▸ Required action
Type out each entry exactly as it appears, but keep every image out.

============================================================

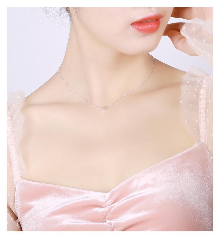 Collar en forma de corazón para mujer, plata de ley 925, cadena de línea simple, pequeña, fresca y elegante, cadena de clavícula estilo Mori
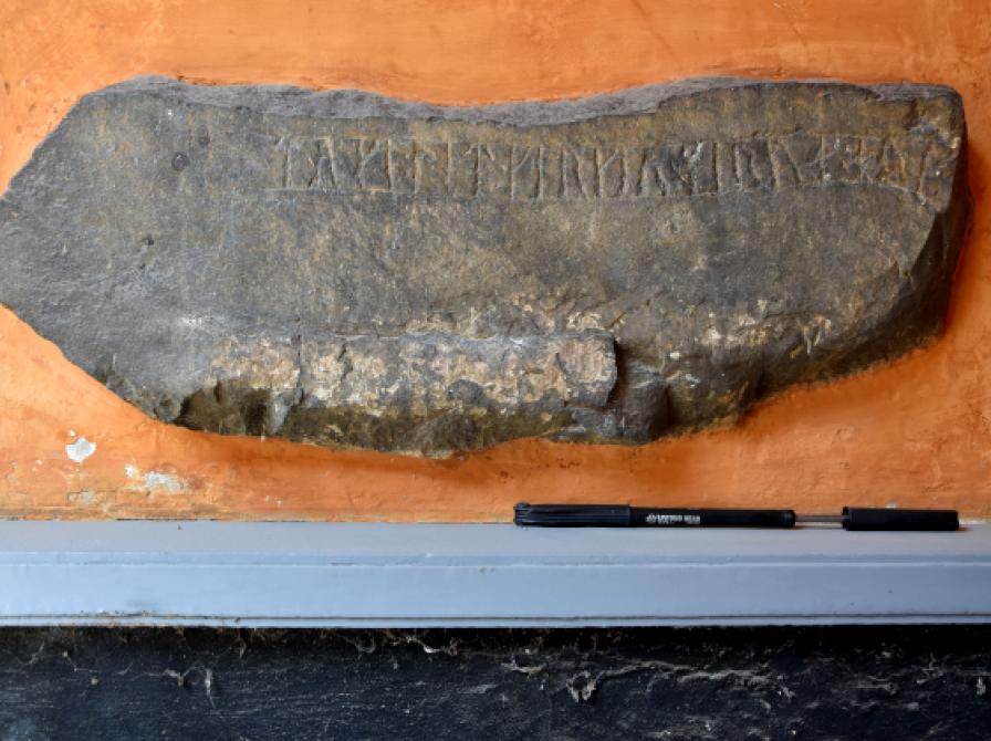 Lund-sten 2 med indskriften: "Toke lod gøre kirken og..."
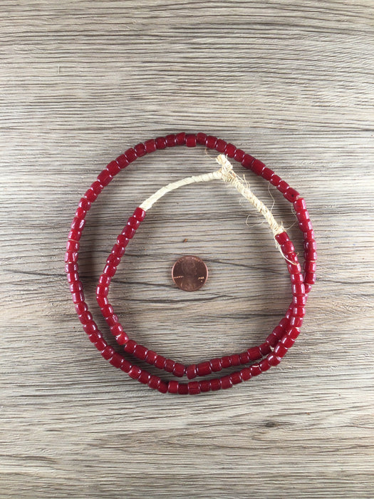 Hidden Gems: Vintage Red Cylindrical White Heart Beads
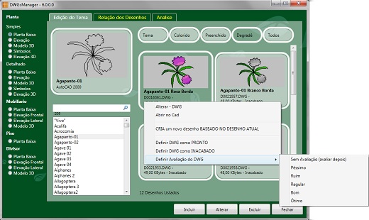 Na aba Edição do Tema é possível fazer todo o controle dos desenhos cadastrados.
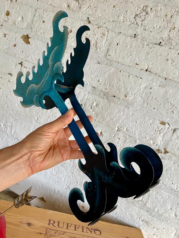 MEDIDAS: Altura total 46 cm. Largo 23 cm. Ancho 7 cm. Base 18 x 8 cm.

============================================================

▸ Solution to this problem
 Collar en forma de corazón para mujer, plata de ley 925, cadena de línea simple, pequeña, fresca y elegante, cadena de clavícula estilo Mori
 Lund-sten 2 med indskriften: "Toke lod gøre kirken og..."
 Hidden Gems: Vintage Red Cylindrical White Heart Beads
 Na aba Edição do Tema é possível fazer todo o controle dos desenhos cadastrados.
 MEDIDAS: Altura total 46 cm. Largo 23 cm. Ancho 7 cm. Base 18 x 8 cm.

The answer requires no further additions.